Die Leipziger Clubs sind nun auf eure Unterstützung angewiesen. Gemeinsam hoffen wir auf eure Solidarität und wollen diese auch unter uns mit einem gemeinsam Club-Soliticket beweisen. Die aktuelle Krise ist existenzbedrohend und in ihren Auswirkungen noch nicht einzuschätzen – jedoch die finanzielle Lage der Clubs schon: Wir sind durch die Bank weg von Insolvenz bedroht.
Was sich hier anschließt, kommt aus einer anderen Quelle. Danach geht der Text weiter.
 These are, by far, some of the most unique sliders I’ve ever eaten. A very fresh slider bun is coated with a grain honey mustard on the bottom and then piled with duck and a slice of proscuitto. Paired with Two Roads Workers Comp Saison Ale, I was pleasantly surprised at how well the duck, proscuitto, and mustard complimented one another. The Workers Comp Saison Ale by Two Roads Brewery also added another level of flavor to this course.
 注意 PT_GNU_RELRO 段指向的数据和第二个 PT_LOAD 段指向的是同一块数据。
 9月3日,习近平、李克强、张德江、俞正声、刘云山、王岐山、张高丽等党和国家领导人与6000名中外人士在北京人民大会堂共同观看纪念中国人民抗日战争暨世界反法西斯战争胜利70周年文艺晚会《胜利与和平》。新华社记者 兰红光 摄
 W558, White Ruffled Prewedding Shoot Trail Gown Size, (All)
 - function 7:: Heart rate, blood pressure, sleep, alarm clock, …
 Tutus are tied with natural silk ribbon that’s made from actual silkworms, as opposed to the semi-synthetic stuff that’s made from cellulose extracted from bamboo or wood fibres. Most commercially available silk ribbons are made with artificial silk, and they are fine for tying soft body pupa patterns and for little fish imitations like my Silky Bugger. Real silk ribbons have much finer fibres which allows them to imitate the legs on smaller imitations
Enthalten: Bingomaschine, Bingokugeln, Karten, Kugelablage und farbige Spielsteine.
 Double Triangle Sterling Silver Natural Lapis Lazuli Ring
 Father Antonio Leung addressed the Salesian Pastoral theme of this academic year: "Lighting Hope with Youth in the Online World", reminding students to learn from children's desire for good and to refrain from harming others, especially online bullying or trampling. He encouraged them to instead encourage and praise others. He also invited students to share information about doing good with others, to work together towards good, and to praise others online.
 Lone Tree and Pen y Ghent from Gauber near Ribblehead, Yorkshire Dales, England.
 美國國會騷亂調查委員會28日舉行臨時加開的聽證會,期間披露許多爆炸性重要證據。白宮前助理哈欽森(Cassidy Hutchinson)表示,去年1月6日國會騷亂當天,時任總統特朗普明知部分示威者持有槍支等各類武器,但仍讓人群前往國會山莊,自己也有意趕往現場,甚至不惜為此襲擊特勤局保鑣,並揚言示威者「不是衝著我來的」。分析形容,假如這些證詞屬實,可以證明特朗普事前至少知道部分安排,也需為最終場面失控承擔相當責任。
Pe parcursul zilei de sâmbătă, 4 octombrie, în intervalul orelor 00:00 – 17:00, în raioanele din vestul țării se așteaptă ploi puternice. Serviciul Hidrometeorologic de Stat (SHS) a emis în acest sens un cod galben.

Gehälter, Mieten und sonstige laufende Kosten können nicht mehr bezahlt werden und das jeweils in einem individuellen Maß.
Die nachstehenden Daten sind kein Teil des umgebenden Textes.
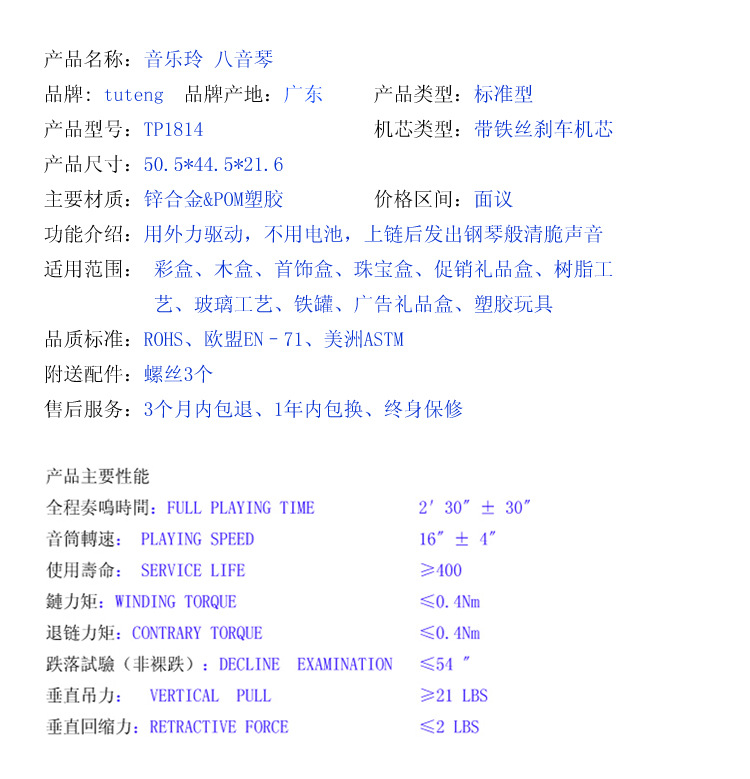 深圳市图腾音乐机芯有限公司是一家专业开发、生产、销售八音琴、音乐机芯、玩具配件等为一体的公司,可提供上千首音乐铃八音琴曲名——圣诞、儿歌、流行歌曲,并可根据客户要求,提供母带进行录音、研发。 欢迎来图、来样开发、生产。

  • Crowdfunding unterstützen: Vielerorts wurden Crowdfunding Aktionen ins Leben gerufen, um Kunst und Kulturschaffende zu unterstützen. So gibt es in Leipzig beispielsweise ein Crowdfunding unter dem Namen Leipziger Kulturfallschirm
  • Sparen für zukünftige Veranstaltungen: Veranstaltung, die nach der Krise stattfinden werden, benötigen unsere besondere Unterstützung, um wieder auf die Beine gestellt werden und langfristig überleben zu können. Wir können also das ganze Geld, dass wir jetzt sparen, weil wir zur Untätigkeit verdammt sind, für zukünftige Veranstaltungen vorsehen und dann dort einsetzen. Die Kreuzmühle beispielsweise plant mit „The Festival After We Died“ eine Veranstaltung, die sich nicht über Ticketverkäufe finanziert, sondern auf Spenden.
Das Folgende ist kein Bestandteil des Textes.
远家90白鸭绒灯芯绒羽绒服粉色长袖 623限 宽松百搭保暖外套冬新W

  • Händler*innen unterstützen: Viele Kreative vertreiben ihre Waren unter anderem auf Märkten und Veranstaltungen. Dass diese wegfallen, fällt für die Händler*innen eine Einkommensquelle weg. Die Onlineshops stehen euch aber wie gewohnt offen. Online einzukaufen bietet hier also eine Möglichkeit eure*n Lieblingshändler*in zu unterstützen.

Jetzt kein in der Realität stattfindendes, sondern nur ein virtuelles Szeneleben zu haben, ist für uns alle wenig erfreulich. Umso mehr liegt es an uns, die Zukunft der schwarzen Kunst- und Kulturszene mitzugestalten und zu fördern. Jeder im Rahmen seiner Möglichkeiten.

Falls ihr weitere Ideen und konkrete Hinweise habt, wie Künstler*innen und Veranstalter*innen momentan unterstützt werden können, lasst uns bitte daran teilhaben.